For this exercise, return all the data word for word, with images left out.

*Raw data*:
- - -

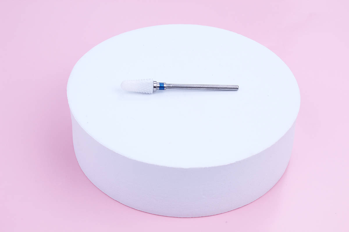 Frez ceramiczny w kształcie stożka perfekcyjnie i równocześnie delikatnie usuwa masę z całej płytki paznokcia i trudno dostępnych brzegów, nie powodując przy tym drgań.
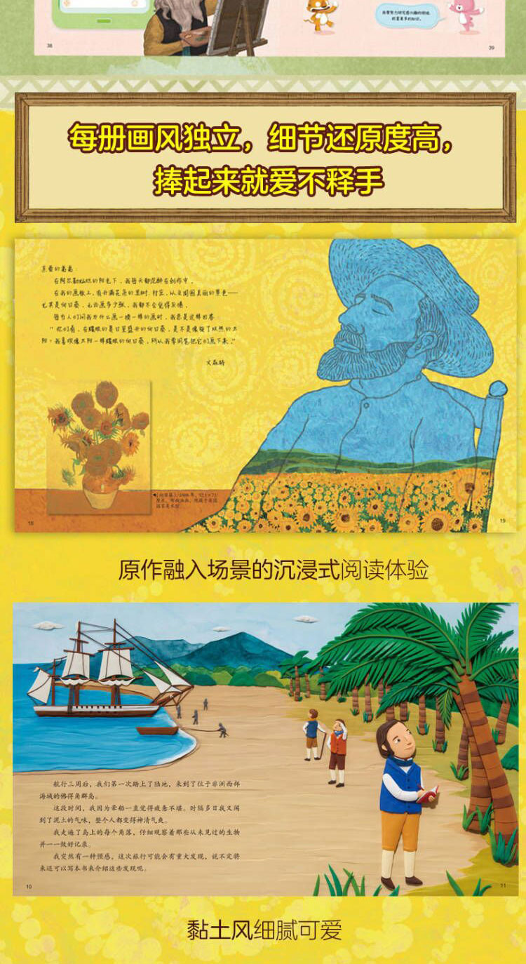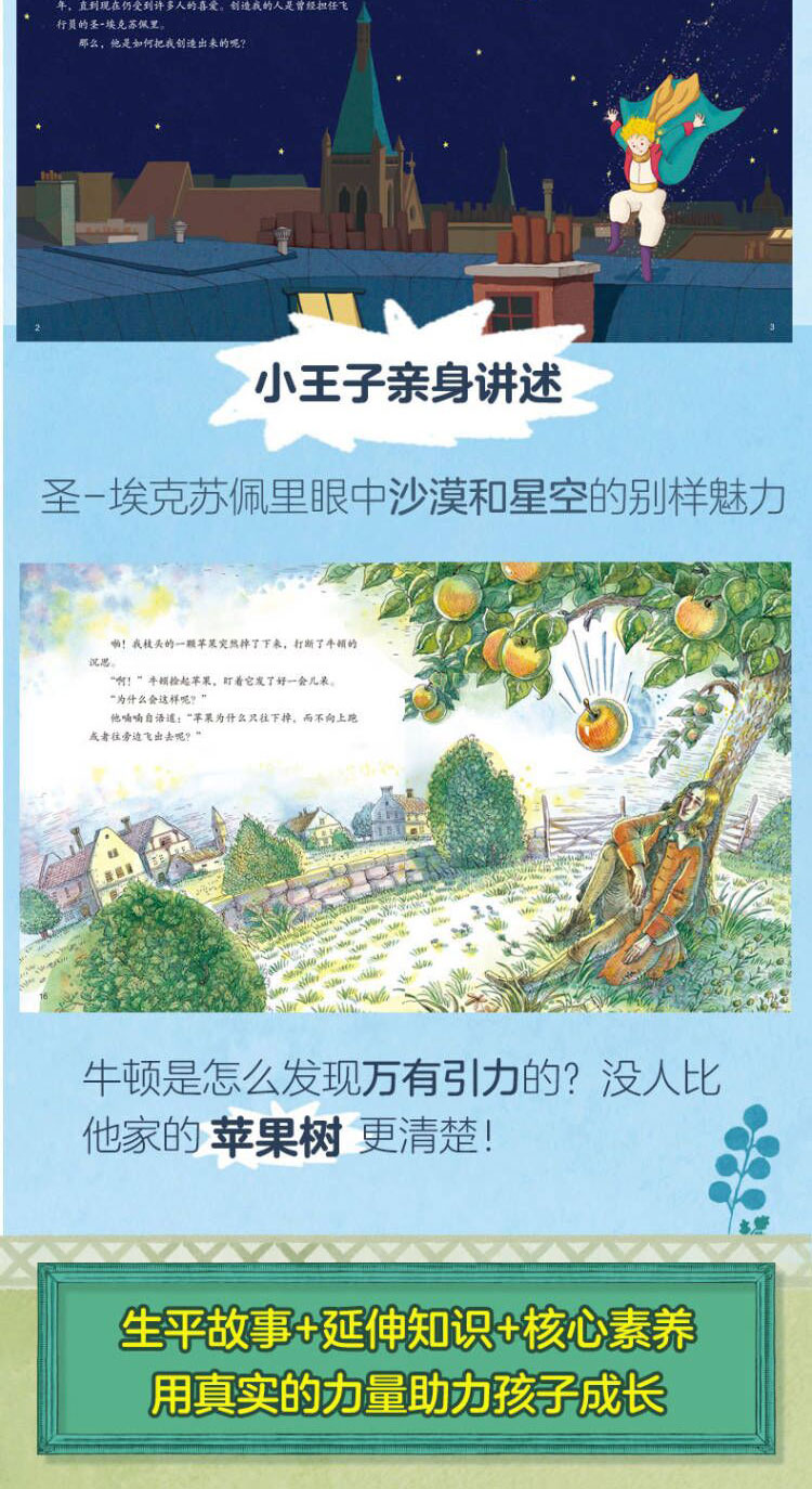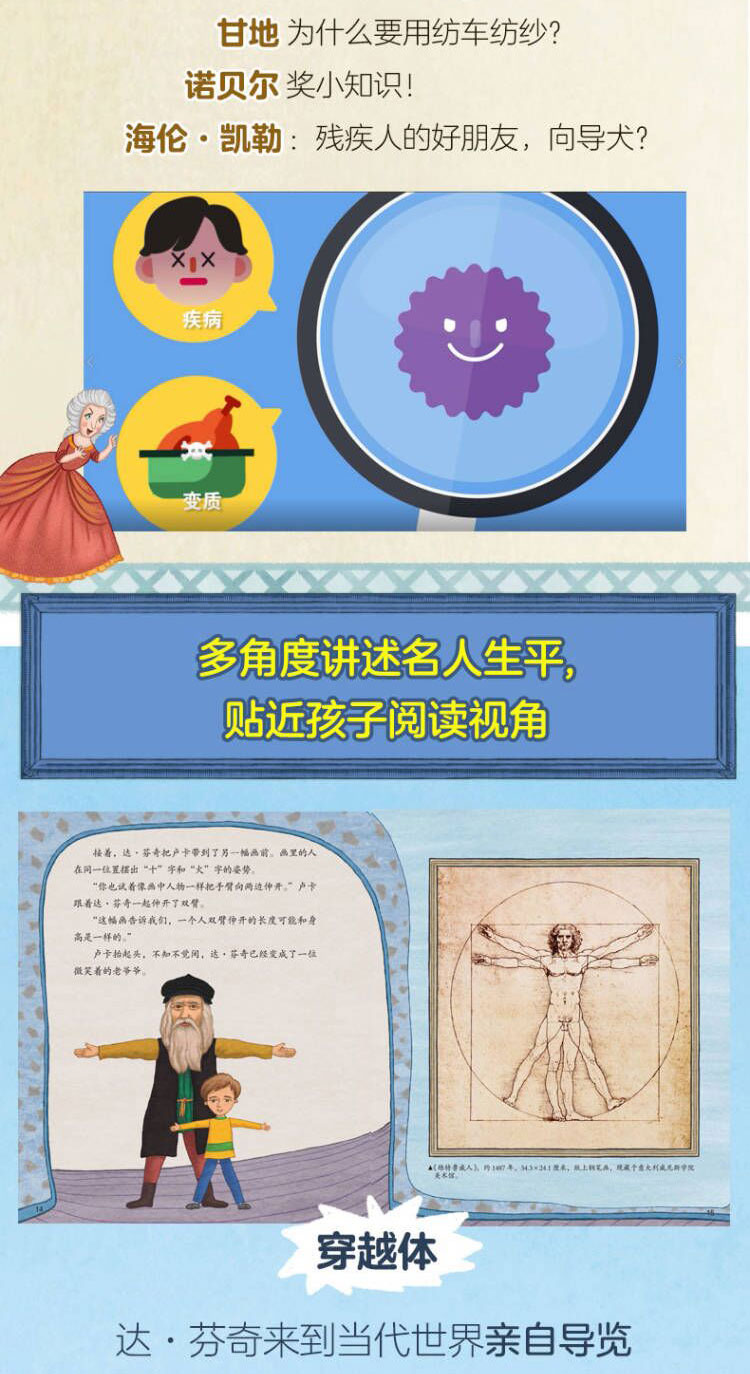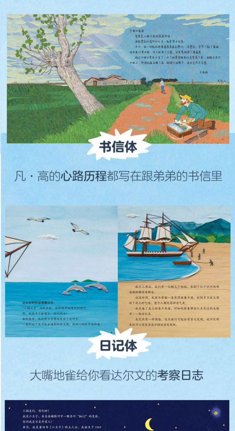 在这套书里,你能看到达·芬奇“穿越”到当代世界亲自为自己的作品当“导游”,小王子现身讲述圣-埃克苏佩里眼中沙漠和星空的壮阔、浪漫,凡·高通过书信体直观展现自己的创作历程,牛顿家的苹果树和加拉帕戈斯群岛的大嘴地雀分别讲述各自的奇遇……多样化的叙述角度,让每一次阅读都是新奇之旅。
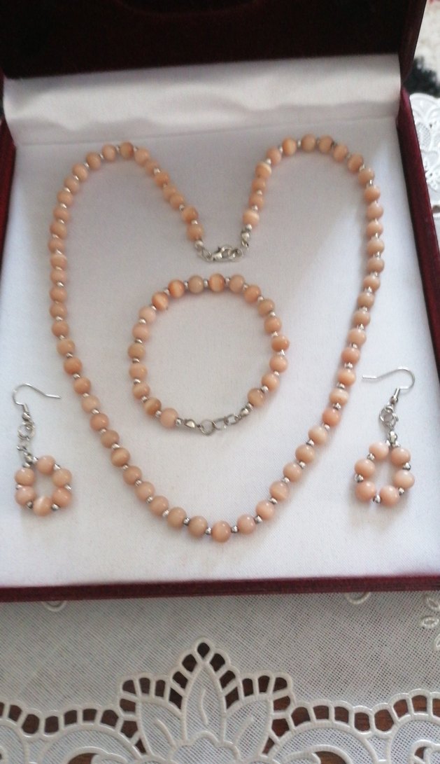 El emeği şık tasarımlı sedef taştan dekore edilmiş nadide yeni ürünüm sahibine hayırlı olsun inşallah kolye boy 55 cm bileklik boy 19 cm bileklik esnek misina ile yapılmıştır küpeler boy 6 cm
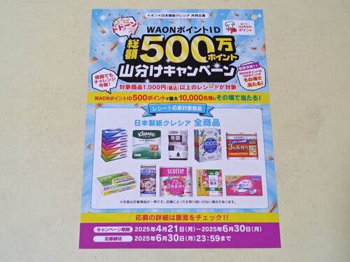 イオングループと日本製紙クレシアのタイアップで行われている『WAONポイントID総額500万ポイント山分けキャンペーン』をご紹介! イオングループ×日本製紙クレシア WAONポイントID総額500万ポイント山分けキャンペーン 【賞品】 WAONポイントID500ポイント×…

- - -

*Solution*:
 Frez ceramiczny w kształcie stożka perfekcyjnie i równocześnie delikatnie usuwa masę z całej płytki paznokcia i trudno dostępnych brzegów, nie powodując przy tym drgań.
 在这套书里,你能看到达·芬奇“穿越”到当代世界亲自为自己的作品当“导游”,小王子现身讲述圣-埃克苏佩里眼中沙漠和星空的壮阔、浪漫,凡·高通过书信体直观展现自己的创作历程,牛顿家的苹果树和加拉帕戈斯群岛的大嘴地雀分别讲述各自的奇遇……多样化的叙述角度,让每一次阅读都是新奇之旅。
 El emeği şık tasarımlı sedef taştan dekore edilmiş nadide yeni ürünüm sahibine hayırlı olsun inşallah kolye boy 55 cm bileklik boy 19 cm bileklik esnek misina ile yapılmıştır küpeler boy 6 cm
 イオングループと日本製紙クレシアのタイアップで行われている『WAONポイントID総額500万ポイント山分けキャンペーン』をご紹介! イオングループ×日本製紙クレシア WAONポイントID総額500万ポイント山分けキャンペーン 【賞品】 WAONポイントID500ポイント×…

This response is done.